AIM OF THE TASK: With the pictures left out, copy the records below exactly from the first line down to the line holding "Teraz pokaż jeszcze", and include that line.

Recorded data:
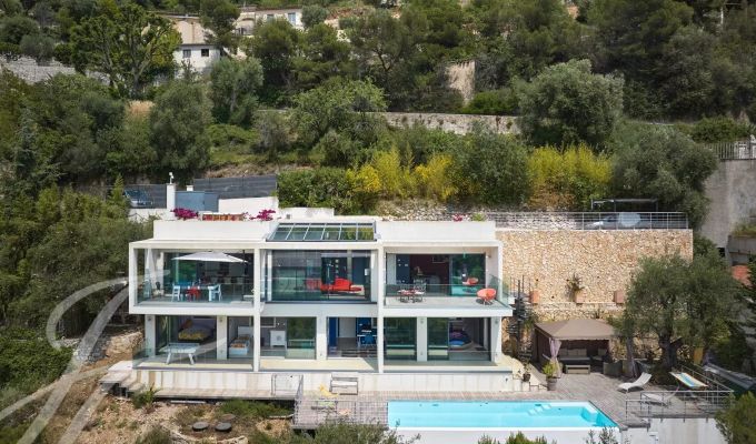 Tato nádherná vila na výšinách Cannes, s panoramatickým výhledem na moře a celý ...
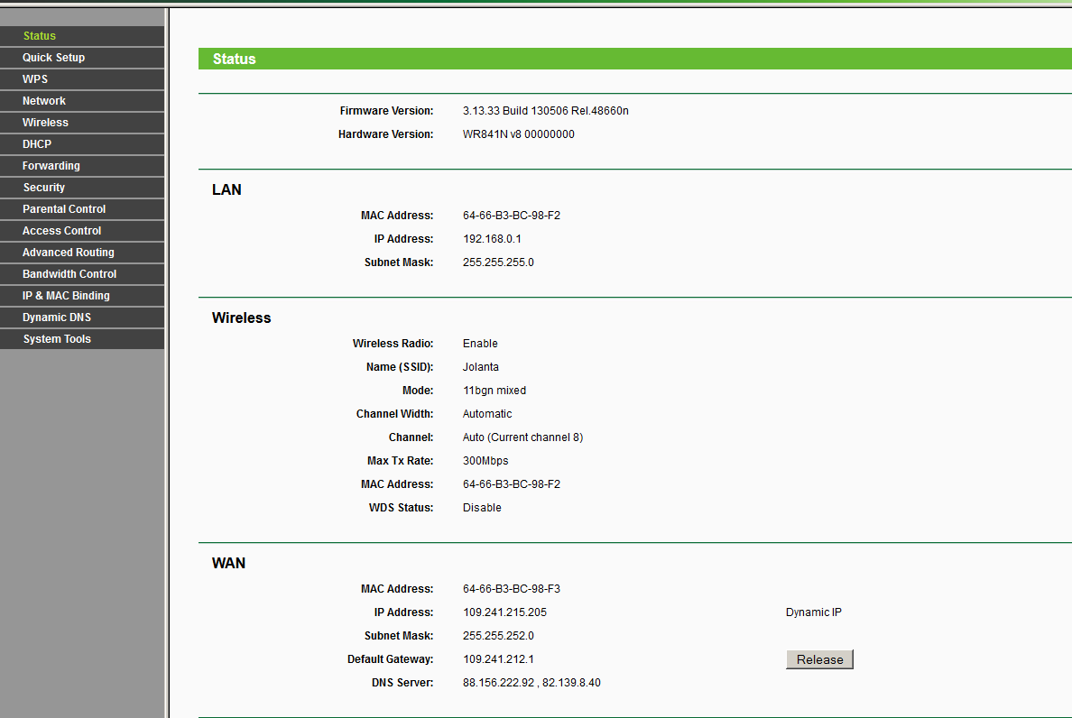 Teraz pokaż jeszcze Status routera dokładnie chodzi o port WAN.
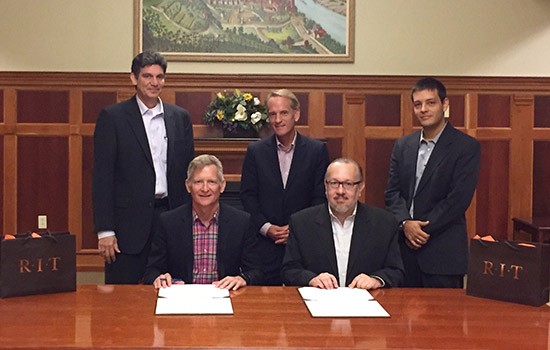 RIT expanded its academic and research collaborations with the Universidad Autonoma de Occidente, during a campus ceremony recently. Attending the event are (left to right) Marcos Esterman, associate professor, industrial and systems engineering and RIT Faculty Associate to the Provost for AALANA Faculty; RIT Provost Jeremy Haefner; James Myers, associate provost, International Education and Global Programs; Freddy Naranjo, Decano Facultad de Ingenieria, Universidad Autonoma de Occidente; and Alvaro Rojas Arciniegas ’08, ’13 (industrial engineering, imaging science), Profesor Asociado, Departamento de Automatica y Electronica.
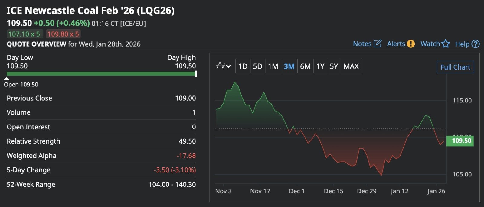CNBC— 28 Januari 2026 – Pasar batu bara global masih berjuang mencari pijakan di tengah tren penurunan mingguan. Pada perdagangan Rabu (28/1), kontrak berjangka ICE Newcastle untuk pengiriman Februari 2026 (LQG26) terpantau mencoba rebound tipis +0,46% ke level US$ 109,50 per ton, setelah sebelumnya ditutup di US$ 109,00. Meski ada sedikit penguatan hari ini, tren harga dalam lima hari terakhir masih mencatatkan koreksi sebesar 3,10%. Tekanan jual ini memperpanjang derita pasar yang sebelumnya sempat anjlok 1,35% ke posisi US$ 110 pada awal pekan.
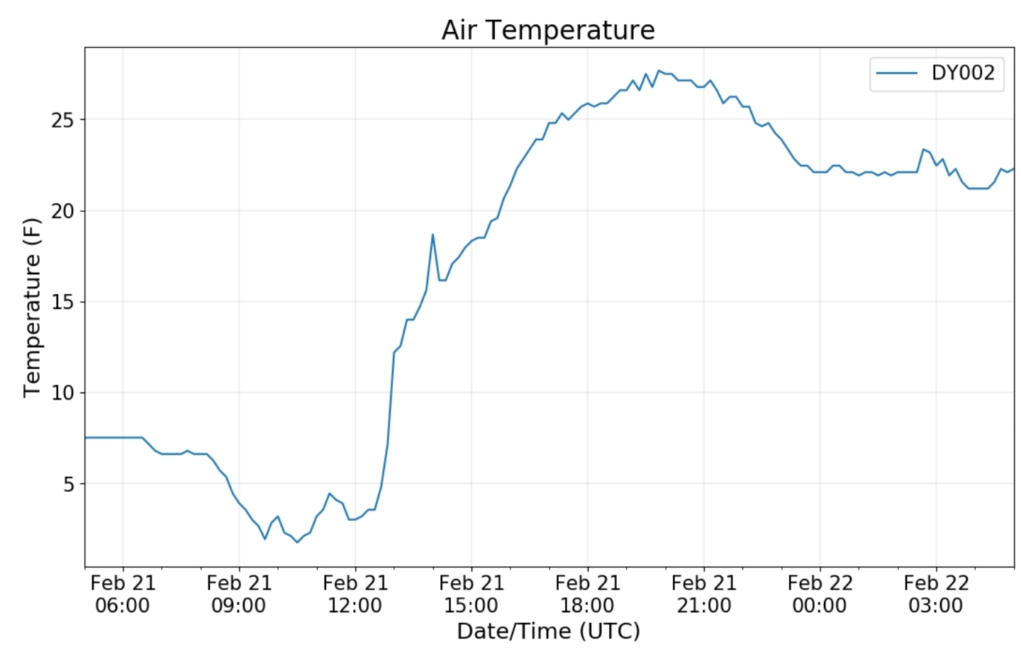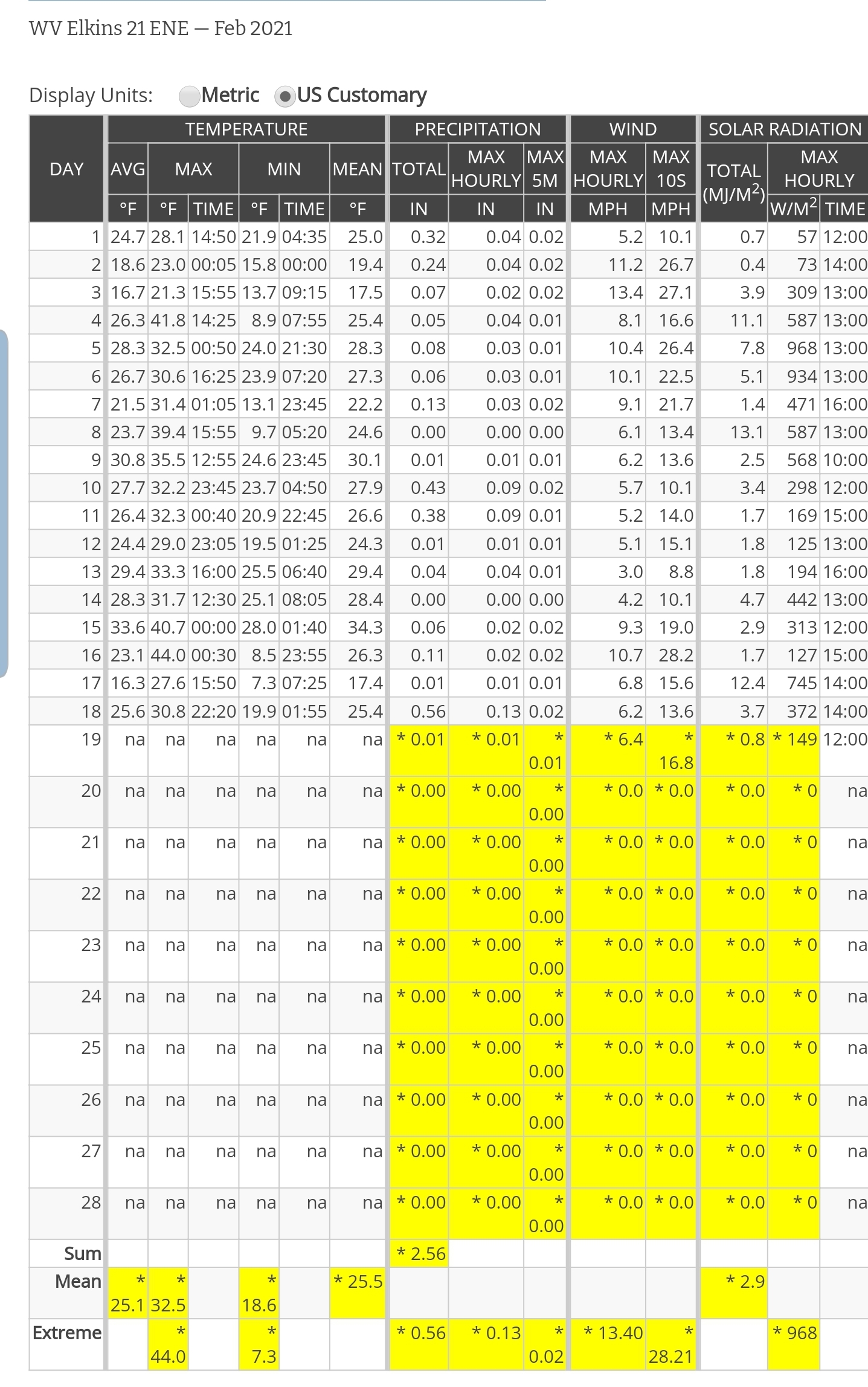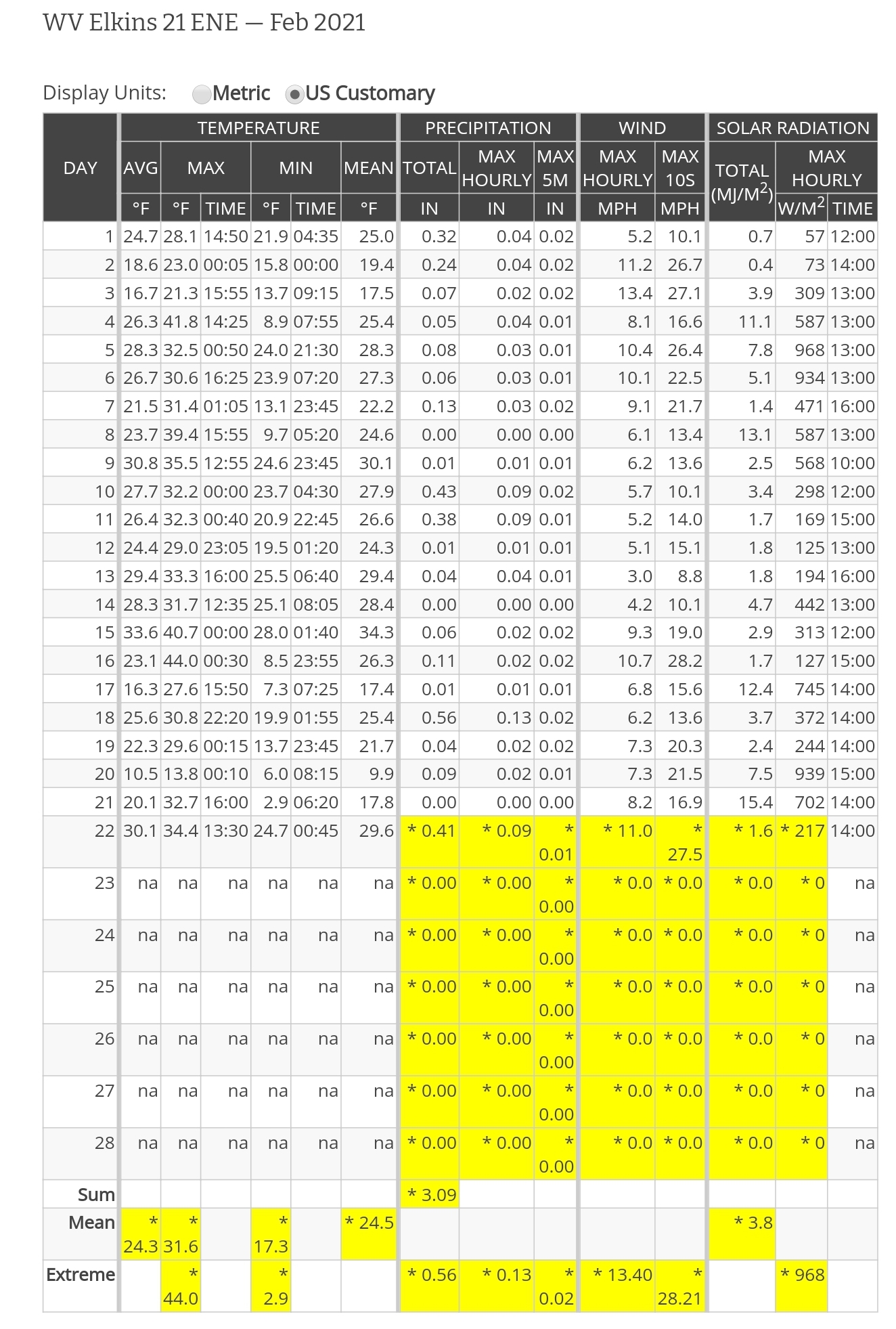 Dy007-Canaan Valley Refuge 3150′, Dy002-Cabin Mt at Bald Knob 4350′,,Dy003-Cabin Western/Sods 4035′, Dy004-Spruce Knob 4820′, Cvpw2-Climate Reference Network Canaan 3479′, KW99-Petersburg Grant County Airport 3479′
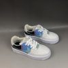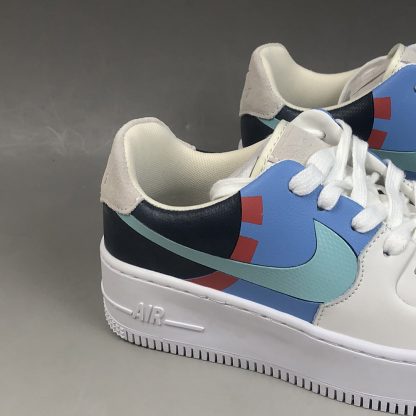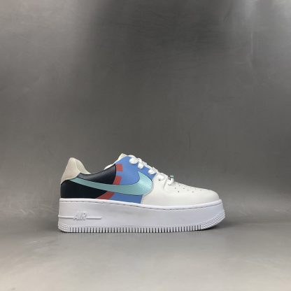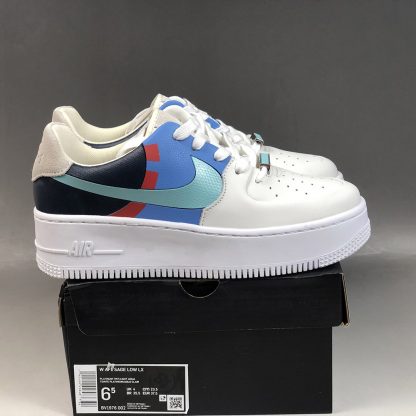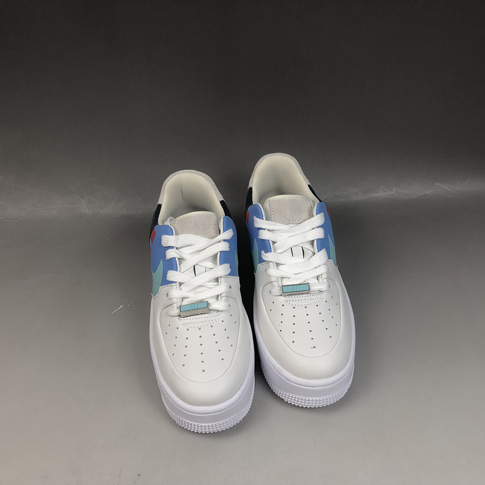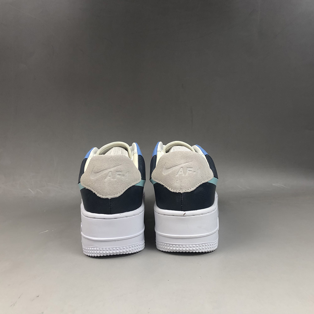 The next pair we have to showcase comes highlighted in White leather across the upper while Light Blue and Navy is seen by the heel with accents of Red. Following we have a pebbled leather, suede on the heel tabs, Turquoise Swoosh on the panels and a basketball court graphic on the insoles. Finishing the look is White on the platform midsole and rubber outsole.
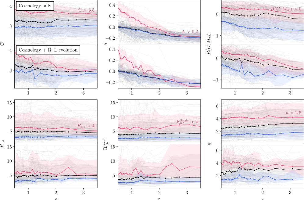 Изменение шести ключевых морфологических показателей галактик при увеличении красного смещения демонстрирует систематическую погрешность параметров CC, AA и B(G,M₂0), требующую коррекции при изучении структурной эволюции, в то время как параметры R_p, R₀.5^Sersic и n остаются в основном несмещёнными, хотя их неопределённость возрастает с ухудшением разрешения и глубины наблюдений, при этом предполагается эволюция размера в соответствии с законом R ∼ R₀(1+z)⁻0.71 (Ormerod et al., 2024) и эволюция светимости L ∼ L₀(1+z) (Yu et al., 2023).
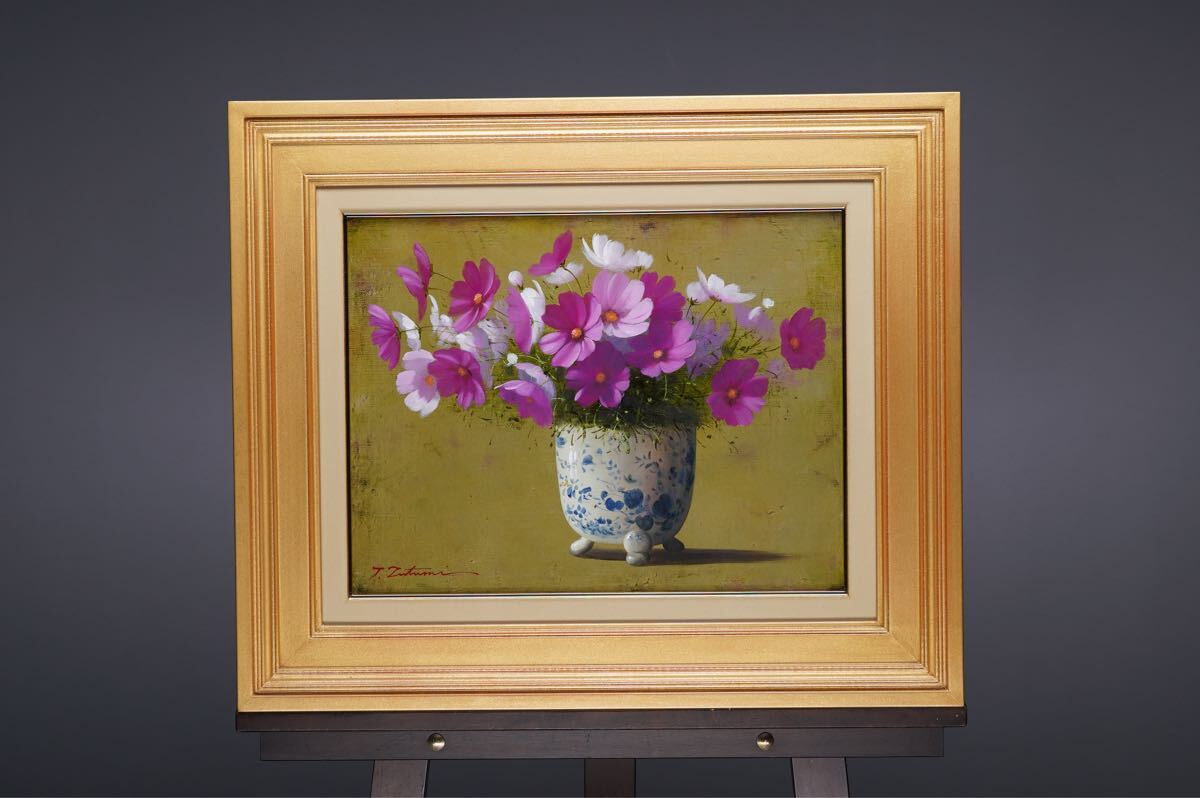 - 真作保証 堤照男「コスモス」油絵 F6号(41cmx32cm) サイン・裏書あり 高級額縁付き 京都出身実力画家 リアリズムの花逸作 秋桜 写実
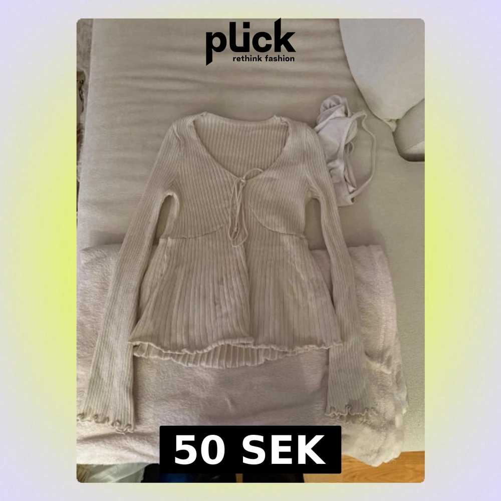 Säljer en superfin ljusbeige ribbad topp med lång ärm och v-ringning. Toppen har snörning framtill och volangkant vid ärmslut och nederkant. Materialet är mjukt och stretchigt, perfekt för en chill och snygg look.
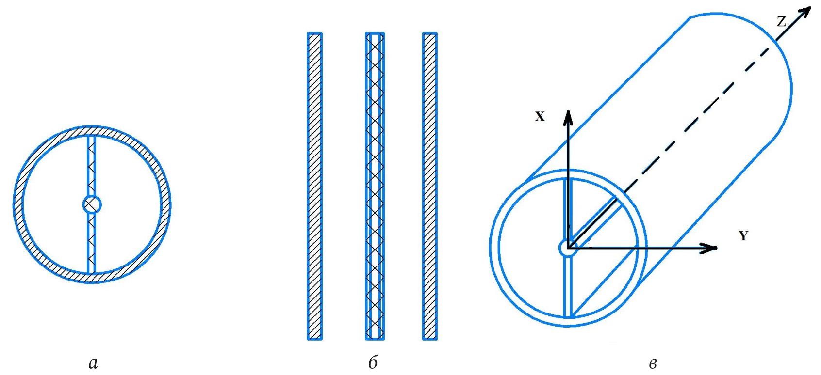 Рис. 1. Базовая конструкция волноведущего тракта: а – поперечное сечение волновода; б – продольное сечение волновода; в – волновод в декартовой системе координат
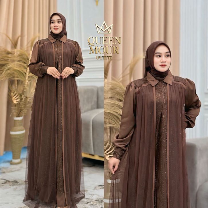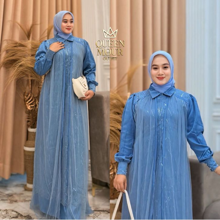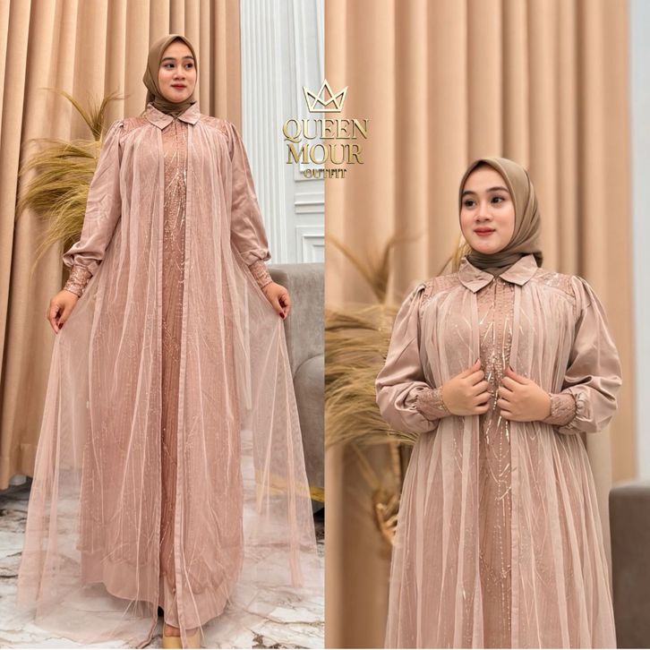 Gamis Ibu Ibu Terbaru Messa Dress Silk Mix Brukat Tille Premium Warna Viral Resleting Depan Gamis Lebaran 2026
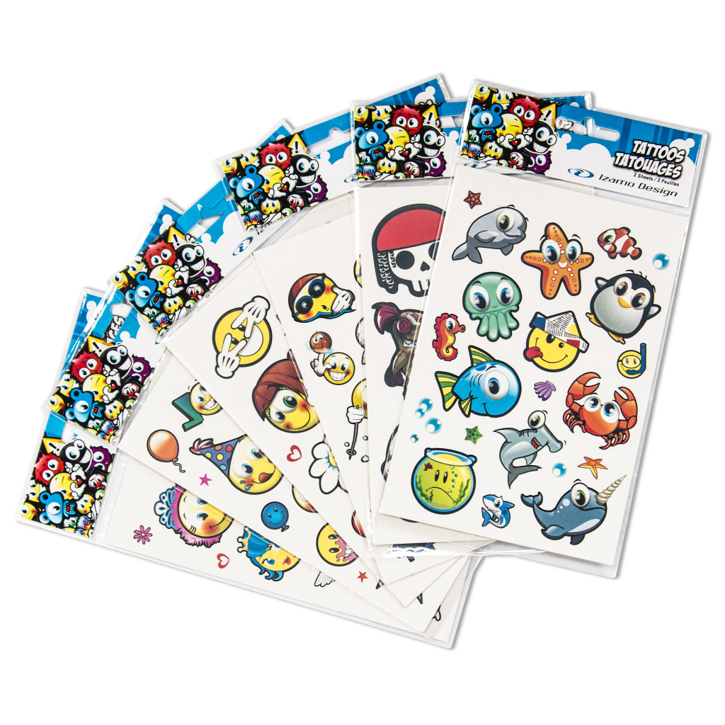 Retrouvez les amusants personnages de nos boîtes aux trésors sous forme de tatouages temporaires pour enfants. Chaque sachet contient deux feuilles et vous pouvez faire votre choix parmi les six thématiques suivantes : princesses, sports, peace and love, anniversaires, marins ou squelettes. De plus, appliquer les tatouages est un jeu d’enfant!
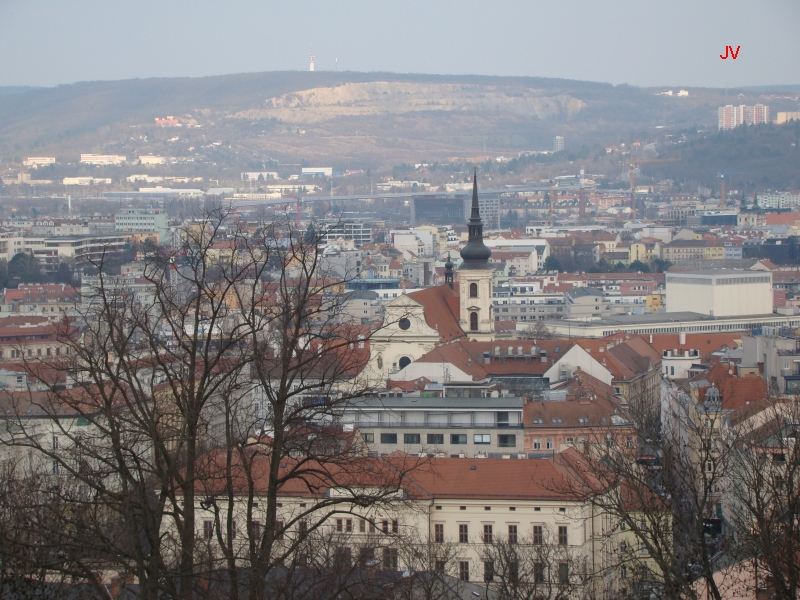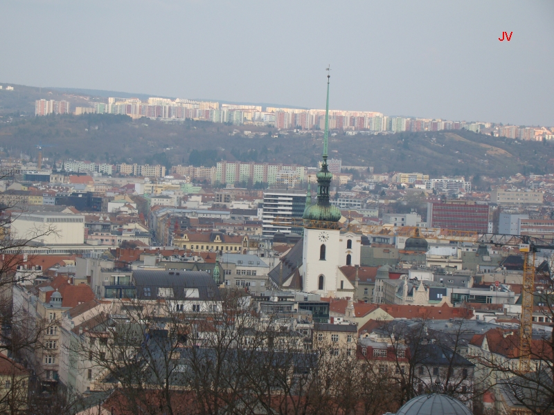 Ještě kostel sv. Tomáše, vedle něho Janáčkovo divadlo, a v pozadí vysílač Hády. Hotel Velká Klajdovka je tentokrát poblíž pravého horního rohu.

COMPLETED TASK:
 Tato nádherná vila na výšinách Cannes, s panoramatickým výhledem na moře a celý ...
 Teraz pokaż jeszcze Status routera dokładnie chodzi o port WAN.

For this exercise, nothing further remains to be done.